# WORK ITEM
With the pictures omitted, print exactly the lines below, from the one containing "乡村,一直是维系中国社会发展" through the one containing "今日、5年生がシーサーを作りました。", and nothing else.

# EXTRACTED MATERIAL
----
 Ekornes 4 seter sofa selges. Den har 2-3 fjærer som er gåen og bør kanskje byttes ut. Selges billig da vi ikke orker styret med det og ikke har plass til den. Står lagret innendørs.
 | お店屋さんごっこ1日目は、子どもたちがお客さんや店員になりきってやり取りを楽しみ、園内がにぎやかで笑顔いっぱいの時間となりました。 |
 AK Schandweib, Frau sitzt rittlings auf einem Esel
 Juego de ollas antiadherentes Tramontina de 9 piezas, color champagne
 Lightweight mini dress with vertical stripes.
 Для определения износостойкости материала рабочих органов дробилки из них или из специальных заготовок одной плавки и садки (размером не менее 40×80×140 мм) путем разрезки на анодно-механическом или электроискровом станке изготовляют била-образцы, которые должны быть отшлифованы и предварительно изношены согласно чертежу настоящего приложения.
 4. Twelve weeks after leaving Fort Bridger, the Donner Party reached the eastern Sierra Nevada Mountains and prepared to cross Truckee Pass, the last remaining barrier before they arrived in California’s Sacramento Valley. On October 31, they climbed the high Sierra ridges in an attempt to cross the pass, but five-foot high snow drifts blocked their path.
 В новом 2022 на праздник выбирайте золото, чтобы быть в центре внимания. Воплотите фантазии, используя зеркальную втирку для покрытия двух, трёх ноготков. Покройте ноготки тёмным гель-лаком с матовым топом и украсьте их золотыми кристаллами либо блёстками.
----
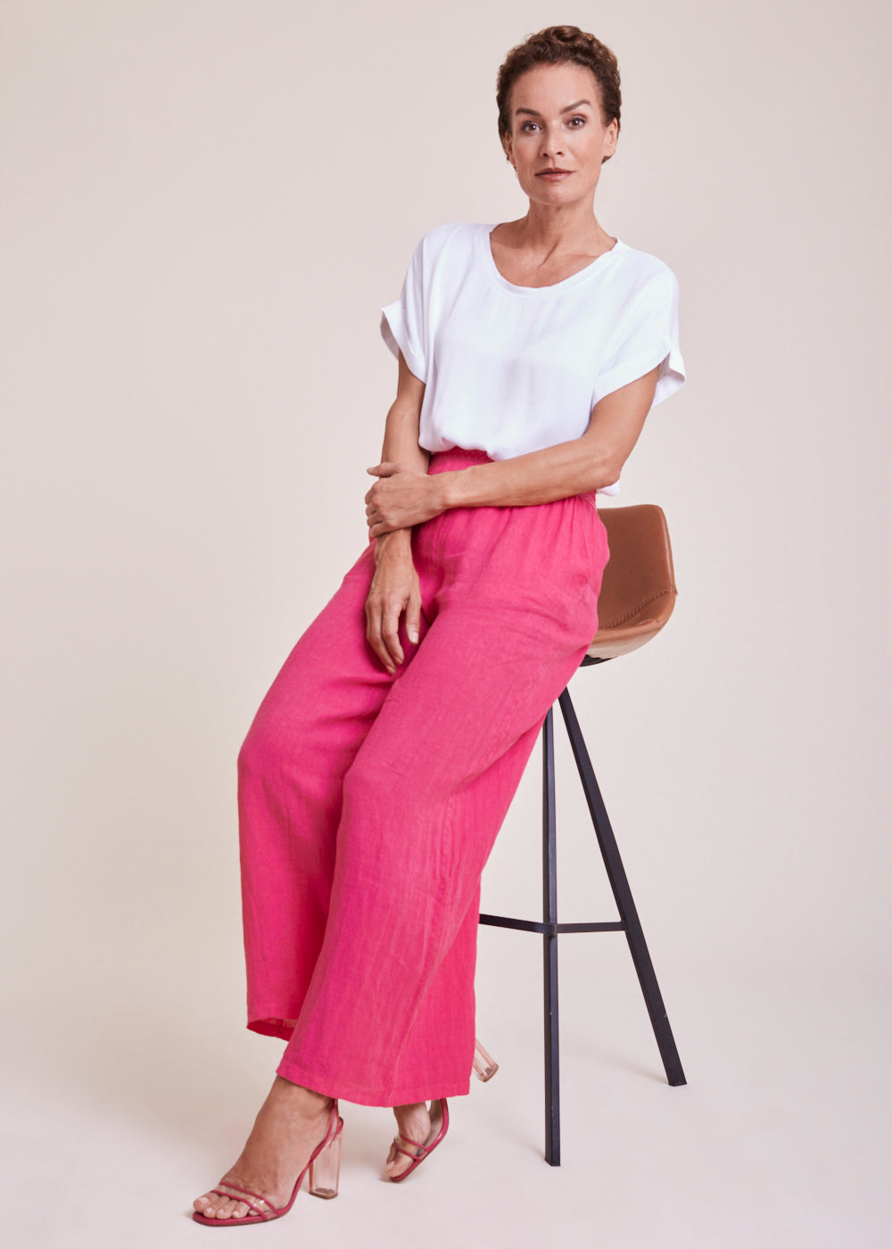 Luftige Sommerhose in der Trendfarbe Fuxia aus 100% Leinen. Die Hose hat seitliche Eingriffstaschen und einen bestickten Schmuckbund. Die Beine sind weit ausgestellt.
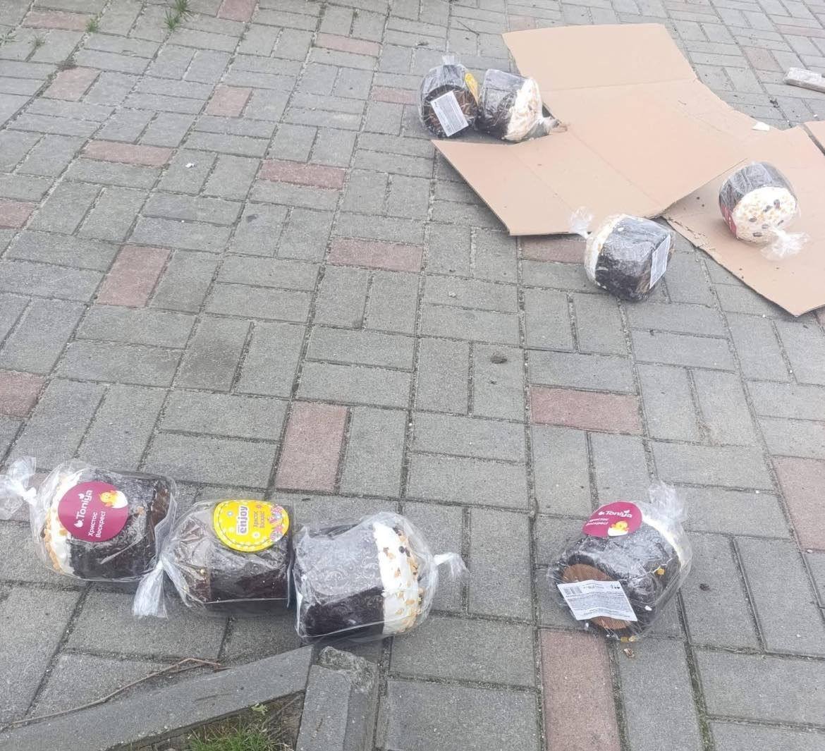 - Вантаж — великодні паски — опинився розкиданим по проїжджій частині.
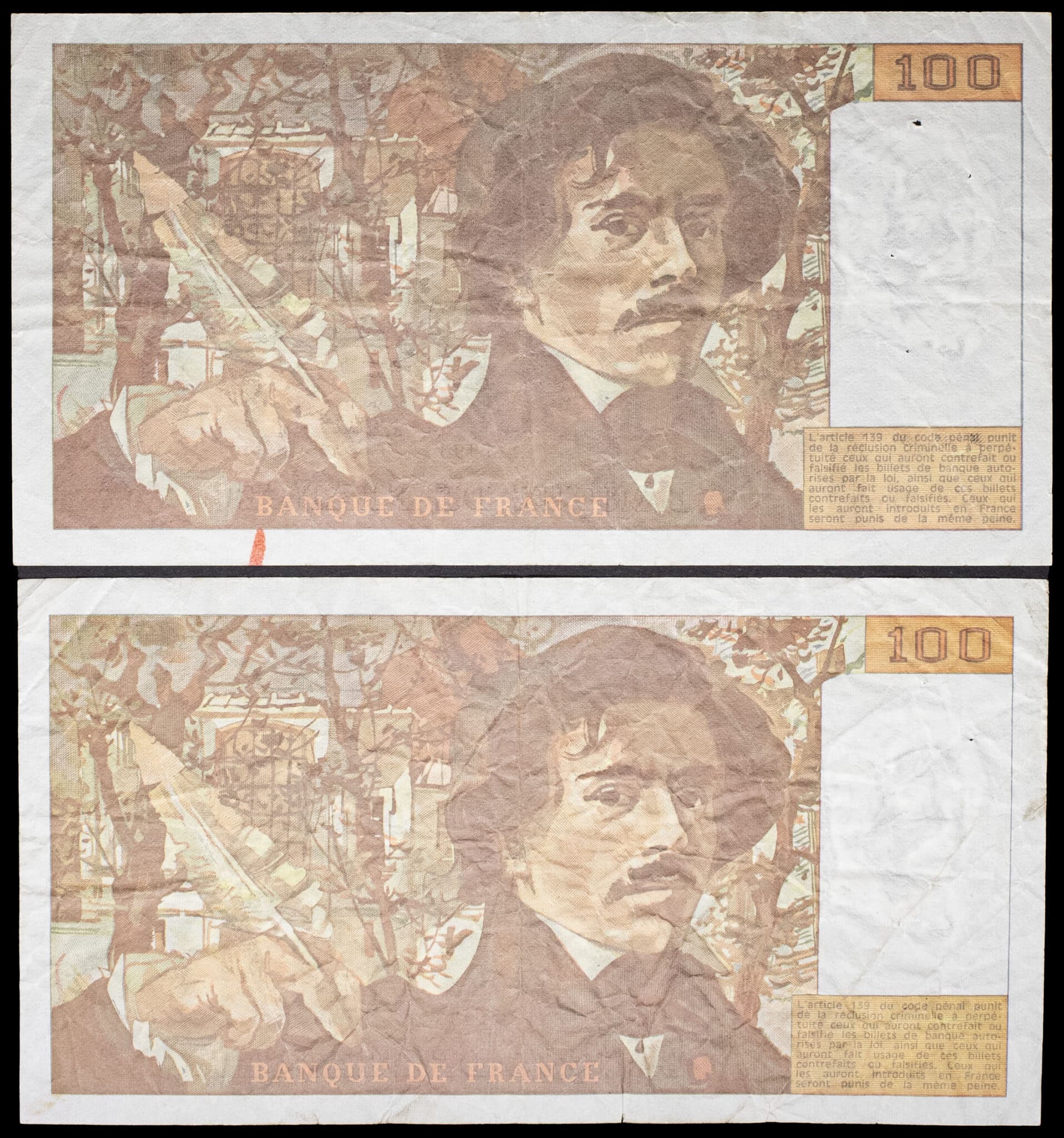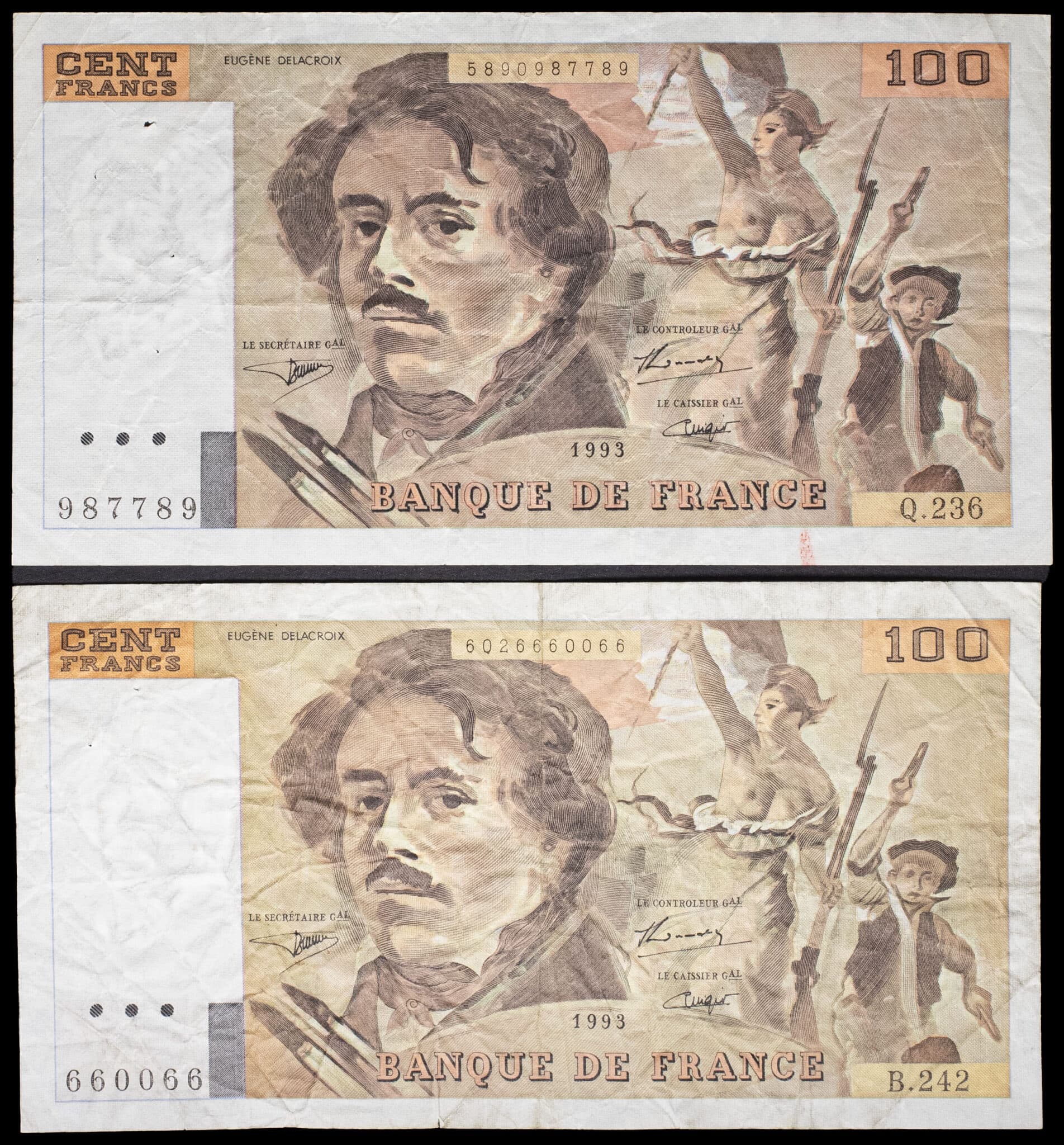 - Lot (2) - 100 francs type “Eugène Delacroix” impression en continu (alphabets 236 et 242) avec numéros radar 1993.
----
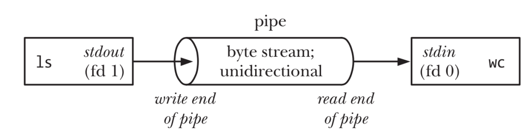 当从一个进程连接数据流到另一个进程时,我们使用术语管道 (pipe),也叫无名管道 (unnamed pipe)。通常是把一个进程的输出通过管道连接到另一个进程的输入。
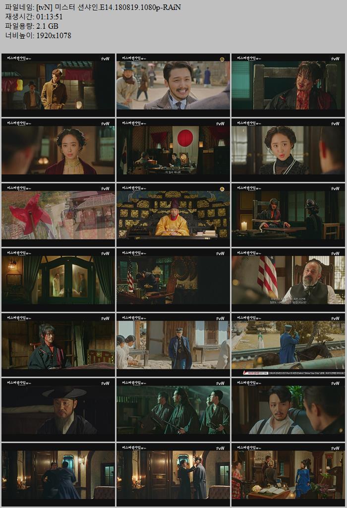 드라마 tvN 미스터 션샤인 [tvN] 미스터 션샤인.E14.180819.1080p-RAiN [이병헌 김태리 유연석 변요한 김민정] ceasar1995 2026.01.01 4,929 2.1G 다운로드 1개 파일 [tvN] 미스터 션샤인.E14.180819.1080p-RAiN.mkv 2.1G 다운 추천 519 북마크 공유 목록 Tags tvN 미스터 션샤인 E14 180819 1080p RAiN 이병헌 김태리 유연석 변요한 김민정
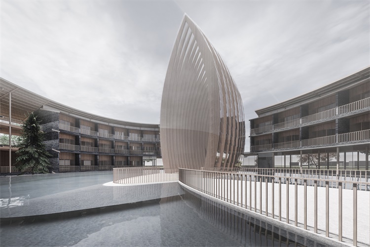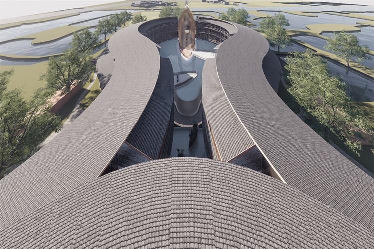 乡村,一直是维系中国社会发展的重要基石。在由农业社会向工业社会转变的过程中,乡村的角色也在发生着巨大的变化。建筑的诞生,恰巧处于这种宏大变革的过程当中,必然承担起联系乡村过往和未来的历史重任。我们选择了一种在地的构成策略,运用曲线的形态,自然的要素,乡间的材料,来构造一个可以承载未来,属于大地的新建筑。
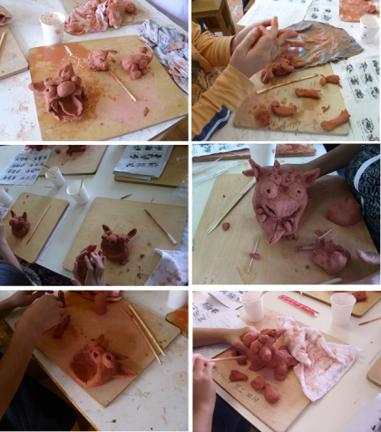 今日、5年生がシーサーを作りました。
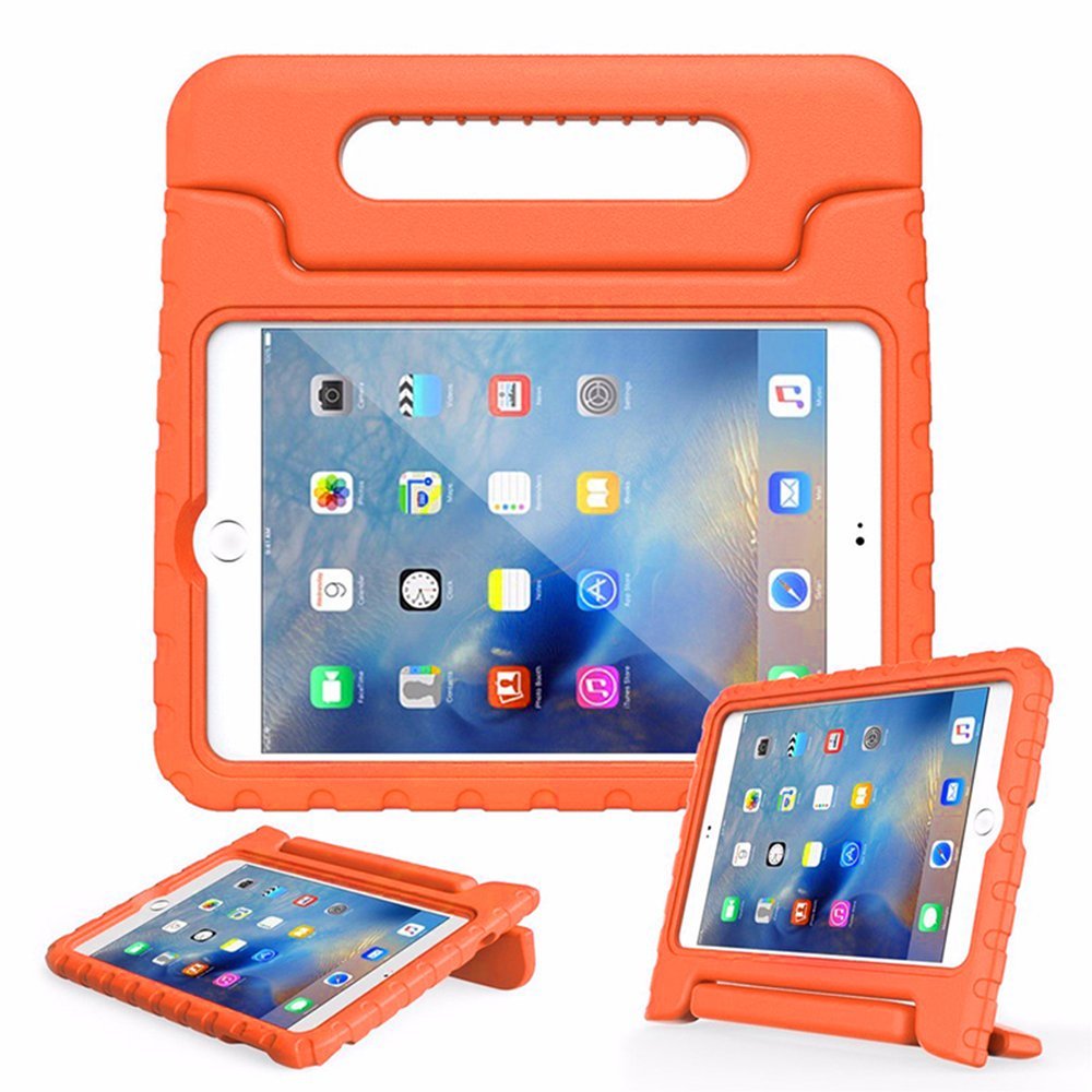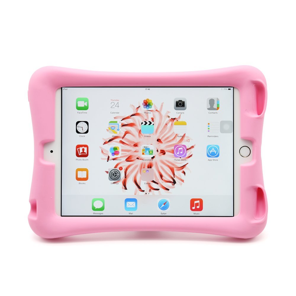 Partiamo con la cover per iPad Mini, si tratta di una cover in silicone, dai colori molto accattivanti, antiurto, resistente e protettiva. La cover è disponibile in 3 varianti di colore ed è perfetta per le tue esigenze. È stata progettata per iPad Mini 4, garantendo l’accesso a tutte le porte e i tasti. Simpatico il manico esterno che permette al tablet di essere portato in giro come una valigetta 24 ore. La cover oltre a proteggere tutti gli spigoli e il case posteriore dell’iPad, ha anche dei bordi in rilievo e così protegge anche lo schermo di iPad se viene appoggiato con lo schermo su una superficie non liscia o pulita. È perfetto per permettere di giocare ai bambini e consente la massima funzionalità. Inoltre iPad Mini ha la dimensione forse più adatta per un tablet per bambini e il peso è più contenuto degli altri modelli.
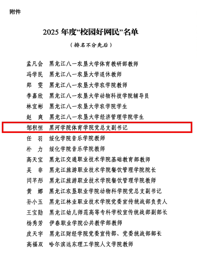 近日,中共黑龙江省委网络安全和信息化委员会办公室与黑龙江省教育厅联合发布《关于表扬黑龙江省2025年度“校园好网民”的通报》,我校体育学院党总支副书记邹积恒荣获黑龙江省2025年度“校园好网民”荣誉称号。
----
# RESULT OF THIS TASK
 乡村,一直是维系中国社会发展的重要基石。在由农业社会向工业社会转变的过程中,乡村的角色也在发生着巨大的变化。建筑的诞生,恰巧处于这种宏大变革的过程当中,必然承担起联系乡村过往和未来的历史重任。我们选择了一种在地的构成策略,运用曲线的形态,自然的要素,乡间的材料,来构造一个可以承载未来,属于大地的新建筑。
 今日、5年生がシーサーを作りました。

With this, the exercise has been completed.